This governance focus means that the socio-technical literature increasingly acknowledges the political dynamics related to the process through which innovations scale, diffuse or entrench. We focus here on the most prominent socio-technical transitions framework, the multi-level perspective (MLP). The MLP takes the form of a series of nested levels, the niche, regime, and landscape

Nothing scientific. Purely political manoeuvering.

Analysis through the energy justice lens reveals that although electric vehicles (EVs) do have laudable environmental (and social) attributes, they can be exclusionary in the sense that they can perpetuate already widening gaps between the wealthy and poor, as well as potentially raising new forms and geographies of injustice – distributional and justice as recognition concerns.

I thought the point was protecting the environment. But here, they talk about how electric cars will not impact everyone equally, even if they do have considerable environmental benefits. Again, is this an argument in favour of socialism or communism?

Equal opportunity v.s. equal outcome.

In addition to applications in niches, the energy justice framework can support the current role of the MLP to describe regimes by providing a means for policy actors to normatively judge them—exposing unjust practices and resultantly, increasing regime ‘humanisation’. We illustrate this first through the exploration of nuclear power and hydroelectric power production, regimes in which there is some consensus that technological development and lock-in raises issues of justice, or injustice. We identify that the metrics, frameworks, or checklists presented above – as well as the three-tenet framework of energy justice more generally – provide a means of normatively judging both planned and current energy and future sociotechnical regimes, leading to potential re-evaluation of our energy selection criteria. These approaches also recognise the need to politicise the actualisation of energy justice itself.

Finally some honesty. This is a political agenda.

And working to “humanize” a movement?
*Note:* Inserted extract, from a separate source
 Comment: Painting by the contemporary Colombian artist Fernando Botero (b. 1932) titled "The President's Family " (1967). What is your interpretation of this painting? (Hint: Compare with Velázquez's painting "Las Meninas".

What happened to simply relying on scientific consensus?

4. Conclusions From The Paper

Energy decisions are all too frequently made in a moral vacuum, culminating in a strong normative case for combining the literature on sociotechnical transitions with concepts arising from energy justice. Moreover, we illustrate that energy justice can play a role at each level of one of the more expansive sociotechnical transitions frameworks, the MLP. Within this latter contribution, (1) the energy justice concept could expose exclusionary niches, (2) provide a means for actors to normatively judge regimes, and (3) through the framing of energy justice at the landscape level foster the reappraisal of our energy choices and integration of moral principles. Across all stages of this argument, we present a case for not only mitigating environmental impacts of energy production via sociotechnical change, but doing so in an ethically defensible, socially just way.

To repeat, this is not about environmental protection. It is about blending a social justice causes and lingo into an unrelated topic.
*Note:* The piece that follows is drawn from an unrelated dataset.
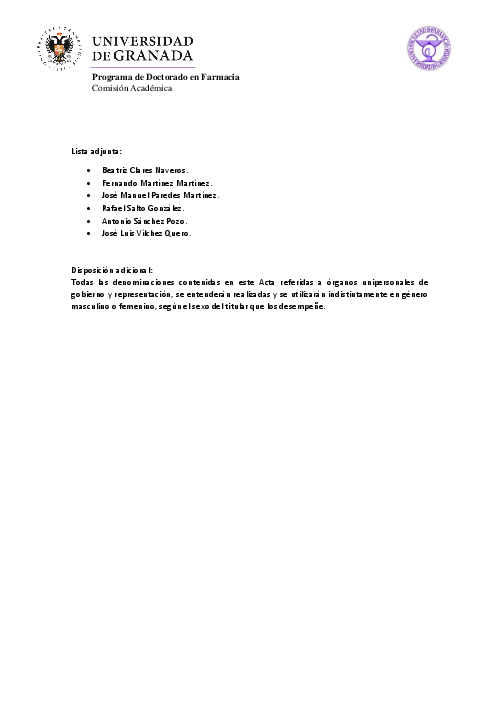 Universidad de Granada | Programa de Doctorado en Farmacia

Our caveats come as recognition of the intricacies of politics and political processes around energy transitions and energy justice. For as Meadowcroft (2009) highlights, long-term change is likely to be even messier and more contested than the transitions literature discusses. Indeed, there are likely to be political aspects that approaches such as the MLP are ill equipped to negotiate, and trade-offs that a tenet approach to energy justice cannot entirely resolve.

This may be the most honest thing they say. Politically, this is a very tough sell. They also admit that there “energy justice” approach will not answer the hard questions.

Nonetheless, they still cover those facts in academic jargon.

5. My Own Thoughts

The authors keep repeating that they are just “framing the issue”. In reality, they are publishing propaganda.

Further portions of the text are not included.